St. Charles school district gets ‘A’ rating for first time
Kyle Barnett - Oct 31, 2013
St. Charles Parish Public Schools has been recognized as one of the state’s elite school systems after earning an “A” performance grade rating for the first time.
St. Charles schools also moved up in the rankings to the sixth-best district in the state after being ranked eighth last year.
Superintendent Felicia Gomez-Walker said she is very pleased with the school district’s improvement.
“We are very excited about our schools’ performance as well as scores on the district level. When you look at school performance scores, this is the first year that all of our schools are either A or B schools,” she said.
One school, Allemands Elementary, made the highest jump in the parish, going from a C school to an A school.
Five schools increased from a C to a B rating this year, including, R.K. Smith Middle School, Luling Elementary, Norco Elementary, Albert Cammon Middle School and St. Rose Elementary.
Five schools increased from a B to an A, including J.B. Martin Middle School, R.J. Vial Elementary, Harry M. Hurst Middle School, New Sarpy Elementary and Ethel Schoeffner. Tresa Webre, director of elementary schools, said the increases are largely due to the fact that many of the schools met performance goals.
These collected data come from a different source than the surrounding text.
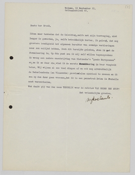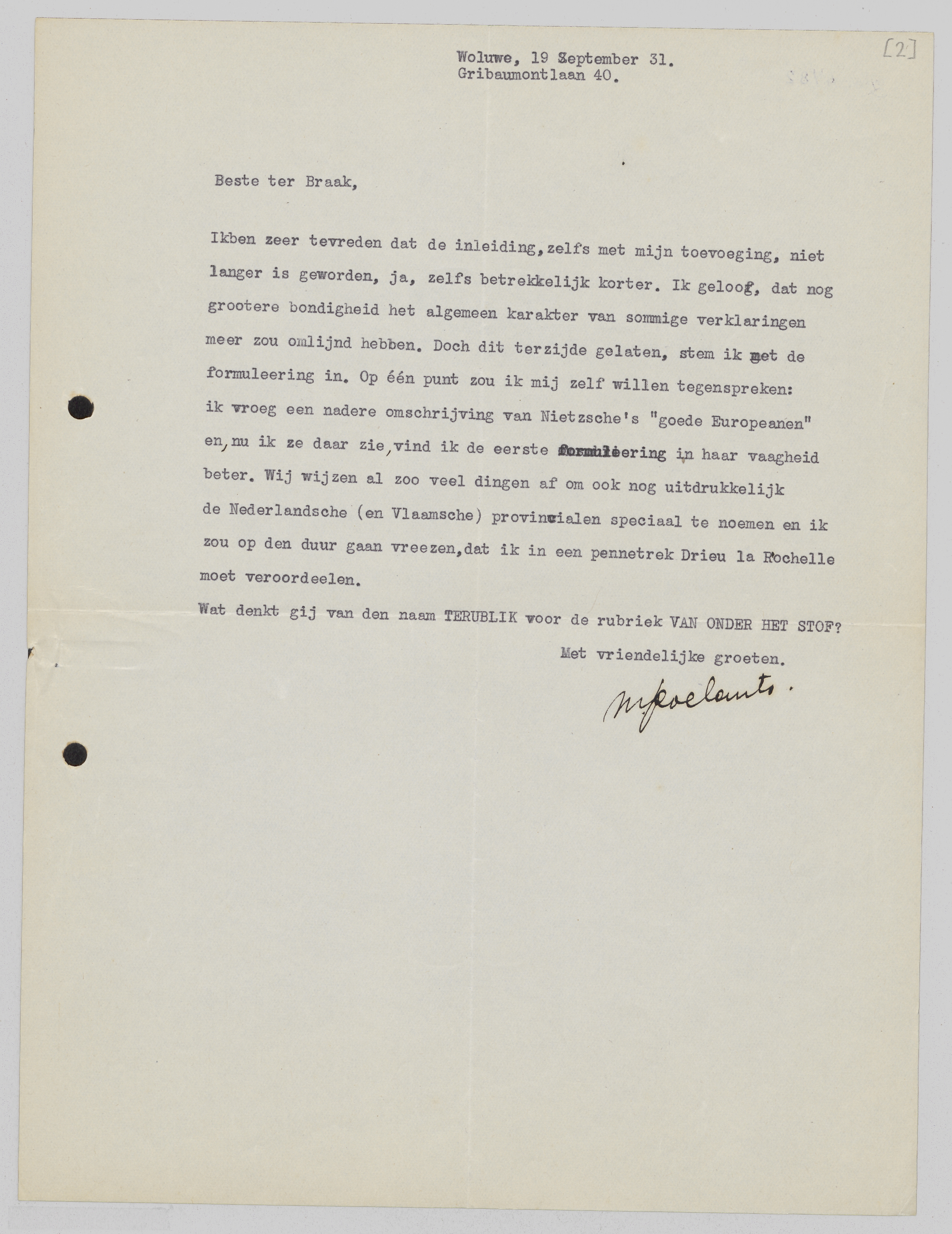 Ik ben zeer tevreden dat de inleiding, zelfs met mijn toevoeging, niet langer is geworden, ja, zelfs betrekkelijk korter. Ik geloof, dat nog grootere bondigheid het algemeen karakter van sommige verklaringen meer zou omlijnd hebben. Doch dit terzijde gelaten, stem ik met de formuleering in. Op één punt zou ik mij zelf willen tegenspreken: ik vroeg een nadere omschrijving van Nietzsche's ‘goede Europeanen’ en, nu ik ze daar zie, vind ik de eerste formuleering in haar vaagheid beter. Wij wijzen al zoo veel dingen af om ook nog uitdrukkelijk de Nederlandsche (en Vlaamsche) provincialen speciaal te noemen en ik zou op den duur gaan vreezen, dat ik in een pennetrek Drieu la Rochelle moet veroordeelen.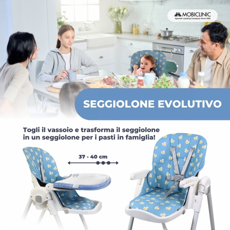 MULTIFUNZIONALITÀ: La possibilità di rimuovere il vassoio ne facilita l'uso prolungato come seggiolino quando il bambino è più grande, purché rispetti il peso massimo supportato. Ciò permette al bambino di giocare, dipingere, interagire con l'ambiente o anche imparare a usare le posate.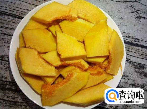 南瓜削皮,清洗干净,切成薄片。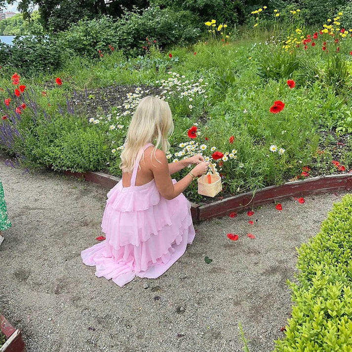 A line Halter Chiffon floor-length pink prom dresses SD1480

“We had seven schools in our district that presented top gains with these scores and that means that they even exceeded or met their target. I think that shows we have a lot of schools that are really improving,” she said.
While letter grades for both Hahnville and Destrehan high schools both dropped from an A to B grade, officials said this is because schools were not eligible to receive bonus points due to the implementation of mandatory ACT tests last year.
Rachel Allemand, assistant superintendent for curriculum, instruction and assessment, said the drop was not unexpected because the high schools did not have data from previous years to properly track student progression, which factors into final school grades.
“They did not have the data to know who would qualify for bonus points. As a result neither Hahnville nor Destrehan received bonus points because it is a new measure and it was the first year that they gave ACT tests to everyone,” she said.
Next year the data will be available to track how many students increase their ACT performance and that will be figured into the score.
The release of the performance scores comes as the Louisiana Department of Education (LDOE) unveiled new letter grades for schools.
LDOE officials have called the grading change a simplification. Under the old grading scale, a school that scored between 120 and 200 would be considered an A school, between 105 and 119.9 would be a B grade, between 90 and 104.9 would be a C and between 75 and 89.9 would be a D. Any score below 74.9 would be an F.
Under the new scale, anything over 100 up to a maximum of 150 is an A, between 85 and 99.9 is a B, between 70 and 84.9 is a C, between 50 and 69.9 is a D and 49.9 and below is an F.
Also under the new grading scale, attendance, which used to make up 10 percent of a school’s performance score, is no longer taken into account for elementary and middle schools. Their scores are based solely on student performance tests such as iLEAP and LEAP this year and the PARCC beginning next year.
The new scoring system marks the third time the school ratings have been changed in the past three years.
Gomez-Walker said despite often occurring assessment changes, the school district is still focused on providing the best student progression possible.
“Our focus is very clear regardless of the formula or the changes in the formula,” she said.